Is it time to start looking for alternatives to WIMPs?
For almost a century, astrophysicists have known that in addition to ordinary matter, there is a strange substance in space, which accounts for approximately 85% of the mass in the Universe. It does not emit, reflect or absorb light, which is why it was dubbed “dark matter”.
The need to introduce this new ingredient into physics arose because the observed amount of ordinary matter was not enough to explain certain astronomical data: from higher than expected rotation rates of stars in galaxies, to anomalies in the cosmic microwave background on the scale of the entire Universe.
Despite the abundance of dark matter, scientists still have not been able to figure out what it is made of. For a long time, the so-called weakly interacting massive particles, or WIMPs, were considered the main candidates to be its elementary constituents. Although many physicists believe that their interaction with particles of ordinary matter should be detectable in a laboratory, all the attempts to observe WIMPS with ground-based detectors, as well as with particle accelerators and space satellites, have so far been unsuccessful.

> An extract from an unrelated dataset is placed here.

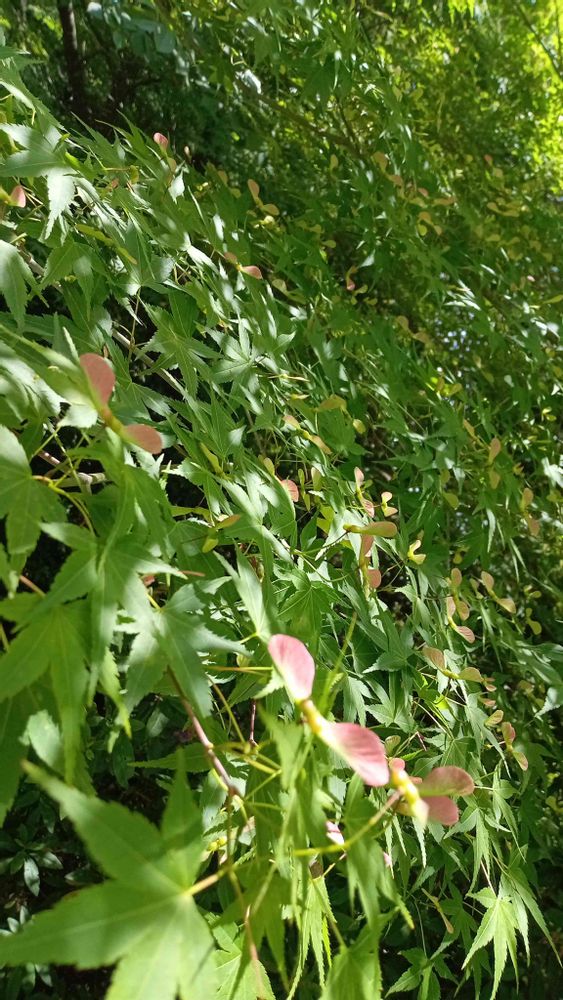 花は下に咲くのに 種は葉の上に出てくる 不思議な植物ですね 紅葉の若葉の上にほんのり赤く色づく❤️🎵

The lack of positive experimental results on the detection of WIMPs has led many researchers to the idea that dark matter may be composed of something else. In a recent study published in Progress of Physics, Reggie C. Pantig and Ali Övgün analyzed the hypothesis that the Universe is actually filled with so-called “fuzzy dark matter” and proposed a technique for detecting it.
Fuzzy dark matter
“Fuzzy dark matter is a hypothetical substance composed of ultralight particles,” explained Doctor Pantig of the De La Salle University in the Philippines in an e-mail. “They are much lighter than the particles that make up ordinary matter, such as protons and neutrons. These particles are thought to be so light that they would behave like a fluid or a wave rather than like individual particles.”
The fuzzy dark matter particles are hypothesized to have a mass more than 25 orders of magnitude smaller than that of electron, and the intensity of their interaction with other particles is expected to be vanishingly small, which explains why no dark matter has been found in laboratory experiments. Another advantage of this model over the WIMP hypothesis is that it fits astronomical observations even better.
“The prevailing paradigm of cosmological evolution based on WIMPs is very successful in explaining the large-scale structure of a galaxy and the Universe as a whole,” Pantig continues. “However, [the] model struggles to explain certain anomalies in the dark matter distribution at the small-scale galactic structure.”
What makes this model of dark matter even more attractive is that there are not only experimental but also theoretical reasons to expect the occurrence of such particles. String theory, which is a leading candidate for a theory of quantum gravity, predicts that extremely light particles with similar properties should exist.
“String theory has been claimed to give rise to natural fuzzy dark matter candidates in the form of ultralight axions,” said Professor Ali Övgün at the Eastern Mediterranean University in Turkey in an e-mail. “In one of its prominent versions, dark matter is made of ultralight axion-like particles that form halos as Bose-Einstein condensates.”
Detecting elusive particles with black holes
The detection method proposed by the physicists is based on the observation of supermassive black holes, located at the centers of many galaxies, around which clouds of fuzzy dark matter should form. Depending on the mass of the hypothetical particle, these clouds could lead to a potentially observable deflection of light rays passing near these black holes. The formation of the clouds is specific to very light particles, and it is not known if they would be formed if the dark matter constituent were WIMPs.
The group considered possible clouds around two prominent supermassive black holes. One is Sagittarius A*, which resides at the galactic center of the Milky Way, and the other is the recently imaged M87*, located at the core of one the heaviest known galaxies M87.
To make computations more manageable, the physicists worked with a simplified theoretical model where black holes don’t rotate (which is not true for the case of the aforementioned black holes), and found that if the mass of a fuzzy dark matter particle lies in the range that is usually considered by theorists, then the clouds may be observable with next- or even current-generation telescopes.
As for the future prospects for their work, the scientists are considering several options. The first is to make the calculations more precise by introducing black holes’ rotation into the model, and to find out how it changes their conclusions about detectability of the clouds. The next way to improve the analysis is to work out the more general cloud configuration, which would also affect the obtained results. The last option they are considering is to compare their methods with the other techniques of studying how the dark matter cloud influences the supermassive black hole gravitational field.
“Our study is just an alternative way of exploring the effects of dark matter as it acts as an astrophysical environment for supermassive black holes, and we will continue to explore other various dark matter models,” concluded Pantig. “If Earth-bound apparatus fail us, why not use these extreme objects instead? The only challenge is sensitivity of detectors, which may be available in the immediate future.”
Reference: Reggie C. Pantig, Ali Övgün, Black Hole in Quantum Wave Dark Matter, Progress of Physics (2022), DOI: 10.1002/prop.202200164.